Theoretically one can port this to any lisp with a decent
FFI and MOP. However since those are two of the less
@@ -46,6 +46,10 @@
slot-boundp-using-class inside of shared-initialize, which
necessitates some work.
+CMUCL doesn't do non-standard allocation types correctly, so
+we've created our own slot definition keyword :transient.
+In the future this will change.
+
Andrew will add some notes here in the future.
-----------
@@ -89,8 +93,25 @@
over ordinary hash-tables from the point of view of
persistence.
-TODO: programmatic way to create secondary indicies
-(probably Lisp-level, since FFI callbacks are nasty.)
+There is a separate table for BTrees. This is because we
+use a hand coded C function for sorting, which understands a
+little of the serialized data. It can handle numbers (up to
+64-bit bignums -- they are approximated by floats) and
+strings (case-insensitive for 8-bit, code-point-order for
+16-bit Unicode.) It should be fast but we don't want a
+performance penalty on objects.
+
+Secondary indices are mostly handled on the lisp side,
+because of our weird table layout (see below) and to avoid
+crossing FFI boundaries. Some unscientific microbenchmarks
+indicated that there was no performance benefit on CMUCL /
+SBCL, and only minor benefit (asymptotically nil) on
+OpenMCL. They have a separate table. Actually two handles
+are opened on this table: one which is plain, and one which
+is associated to the primary btree table by a no-op indexing
+function. Since we maintain the secondary keys ourselves,
+the associated handle is good for gets / cursor traversals.
+We use the unassociated handle for updates.
----------
CONTROLLER
@@ -142,13 +163,15 @@
OID + Slot ID
-Collections use
+Collections use 2 tables, one for primaries and one for
+secondaries (which supports duplicates.) They are keyed on
OID + key
-the root object is a btree with OID = 0. Since keys are
+The root object is a btree with OID = 0. Since keys are
lexicographically ordered, this will create cache locality
-for items in the same persistent object / collection.
+for items in the same persistent object / collection. We
+use a custom C sorter for the btree tables.
Other layout options:
@@ -214,7 +237,7 @@
CMUCL's consing dpb/ldb arithmetic means serializing bignums
conses (but they shouldn't have to!) Serializing everything
else should not cons (with the exception of maybe symbols
-and pathnames.)
+and pathnames.) SBCL seems much better with this.
Deserialization of fixnums is non-consing. floats appear to
cons on CMUCL, i'm not sure if this is just because of
@@ -300,15 +323,17 @@
pointer-arithmetic is bignum and therefore consing.
TODO: write faster, lispier versions of the
-pointer-arithmetic functions. (Definitely possible under
-OpenMCL; maybe possible using SAP arithmetic under CMUCL.
-Dunno about Allegro, Lispworks.)
+pointer-arithmetic functions.

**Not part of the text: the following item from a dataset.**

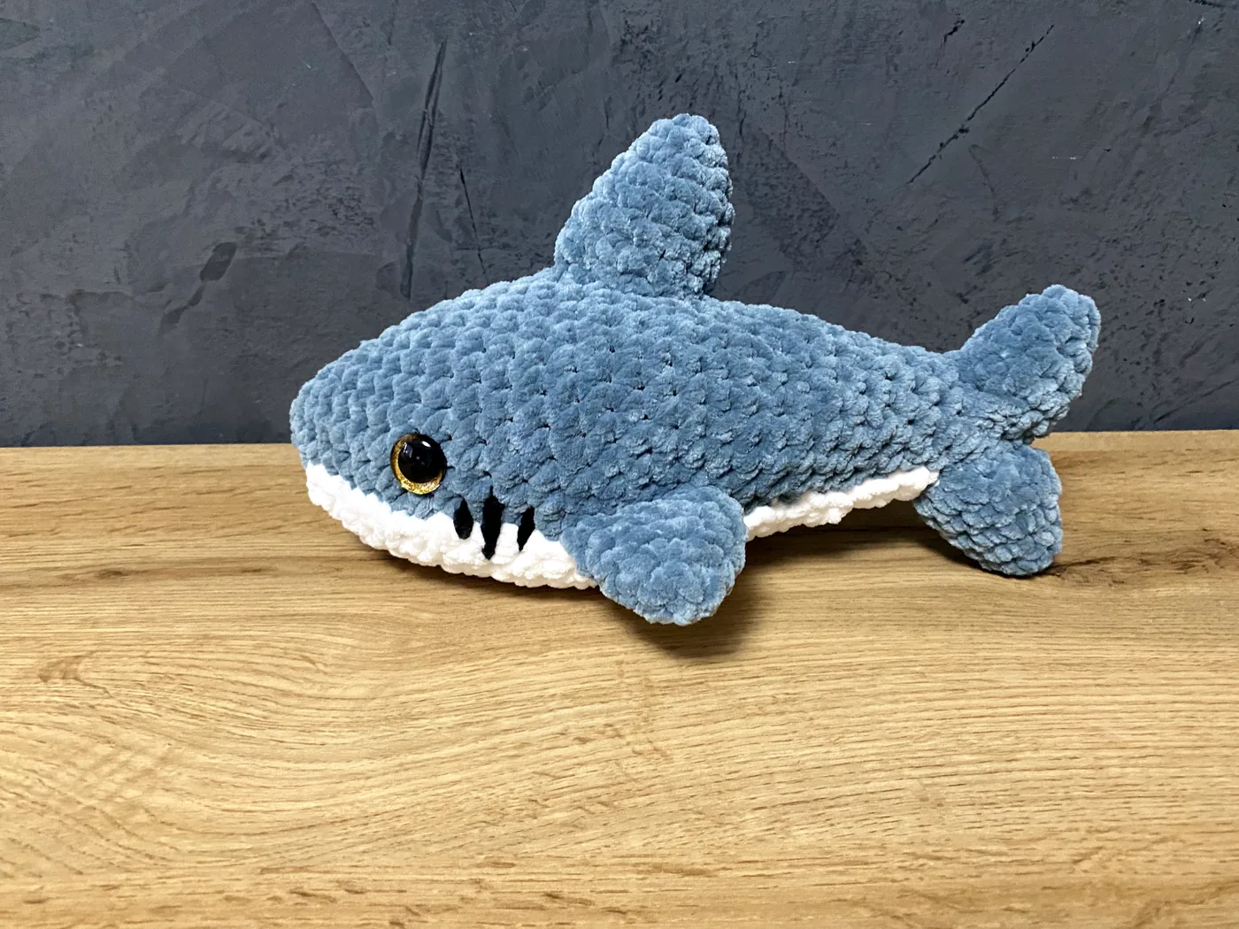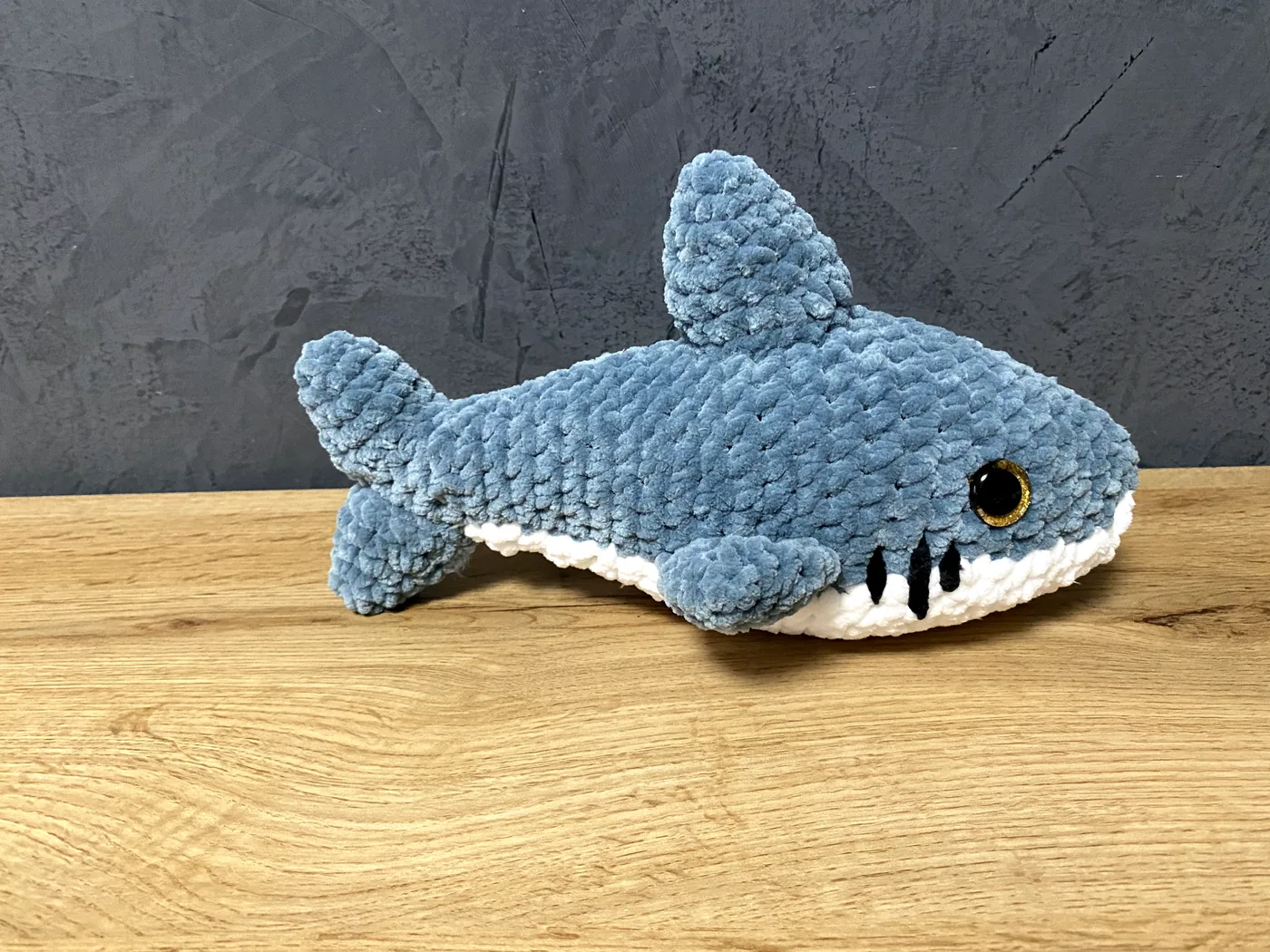 Ručne háčkovaný žralok Sharky je vyrobený z veľmi mäkkej a jemnej vlny, ktorá je príjemná na dotyk. Svojím bielym bruškom, milými žiabrami a nežným vzhľadom si okamžite získa srdiečko malých aj veľkých. Je mäkkučký, prítulný a ako stvorený na mojkanie aj hranie. Žralok Sharky poteší nielen ako hračka, ale aj ako originálny darček pre detičky, ktoré milujú mäkkých a bezpečných kamarátov.

This is done for CMUCL /
+SBCL. (Definitely possible under OpenMCL. Dunno about
+Allegro, Lispworks.)
CMUCL et al can't do dynamic-extent buffers, so we use
globals bound to specials, which should be thread-safe if
properly initialized. While we provide functions talk to
-the DB using strings, Elephant itself only uses foreign char
-buffers.
+the DB using strings, Elephant itself only uses
+"buffer-streams", which are structures which have a
+stream-like interface to foreign char buffers for reading /
+writing C datatypes.
Lispworks is much happier passing back and forth statically
allocated lisp arrays. since the general string will almost